Here’s a few things for you to consider…

Start with “why.”

Have a think and even write down the “why” behind your blog. Why did you start it? Why does it exist? Go really deep with this, think beyond I enjoy writing about fashion. This will help you define your blog’s purpose.

What’s your niche?

I really feel like lifestyle blogs are just an excuse people use nowadays so they can review anything and get invited to as many blog events as they can (feel free to challenge me on this). But once you’ve found your why, think about how you can drill down to find your niche. Bloggers with a specific niche tend to be more focused and actually have something to say.

Let go of being liked by everyone.

How often have you read a post where someone starts with an opinion and you think “this is such a great blog post” only for them to ditch their opinion by the end and finish it by being safe? It’s so frustrating as a reader. You’ll never be liked by everyone, so don’t let it stifle your creativity or your voice.

Say something interesting.

Actually have an opinion and say something. Too often, once I’ve read one blog post on a topic I feel like I don’t need to read any others because they’re all saying the same thing or have the same opinion, which may be linked to this last point…

Be smart with monetizing your blog.

This is a biggie and probably deserves its own post entirely.
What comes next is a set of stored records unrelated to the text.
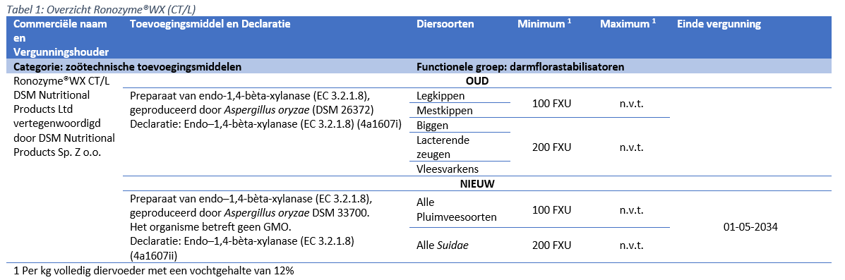 Trouw Nutrition Benelux zal uiterlijk per 1 november 2024 de voormengsels en aanvullende voeders voor genoemde diersoorten met Ronozyme®WX (CT/L) etiketteren volgens de nieuwe regels. Zodra de voormengsels met de nieuwe declaratie worden verwerkt in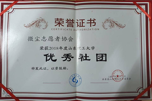 “建工之星”评比中,荣获“公益之星”称号,2017届社团评比中被评为“优秀社团”,2018届社团评比中被评为“优秀社团”,2019届社团评比中被评为“优秀社团”,三下乡社会实践重点团队。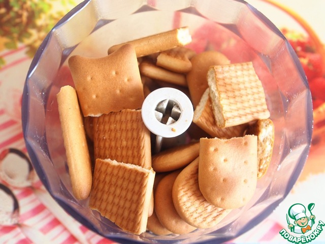 Печенье (у меня детское) поломать на кусочки и поместить в блендер.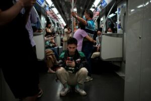 VJ Kawakubo, 30, an IT programmer, checks his phone on a subway train in Shanghai, China, June 3, 2023. VJ was one of the city’s earliest adopters of voguing, drawn to a dance class seven years ago. Although the performance aspect of voguing is important, he said, its ability to bring people together gave the scene deeper meaning. “If you are just dancing by yourself, there is no meaning in that,” said VJ “The most important thing for me is that it’s a comfortable environment.” REUTERS/Aly Song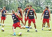 Durante el entrenamiento matinal de ayer fue palpable el gran entusiasmo que se apodera del grupo a pesar de la complicada situación en el Grupo 3, que tiene al colombiano Deportes Tolima como el líder con 7 puntos, seguido por Gremio 4, Cúcuta 3 y Cerro Porteño 1. Todos con tres partidos jugados en esta serie copera.

I don’t like to criticize people making money from their blogs. But it seems too many people are following the same formula: sponsored posts, affiliate links, paid reviews. Bloggers are getting paid, yes, but killing their audience.

Sometimes I feel like brands have bloggers on strings, making them dance like puppets to the beat of their drum. It’s scary what you see some bloggers write reviews for—a lot of it so mundane that it really doesn’t need reviewing. Then you see the sponsored blog post for the same brand on 20 blogs, each one saying pretty much the exact same thing. Those blogs are like that free magazine that drops on my door mat every Thursday, full of ads. You know what I do with that…

Throw it in the bin.

When it comes to blogging, what does keeping it real mean to you?

3 comments

  1. It’s funny, you mention “LET GO OF BEING LIKED BY EVERYONE” and yet the irony is, that Gen Ys in particular are so focussed on being liked by everyone that they live and die by the like sword and criticise anyone without likes or shares of blog posts.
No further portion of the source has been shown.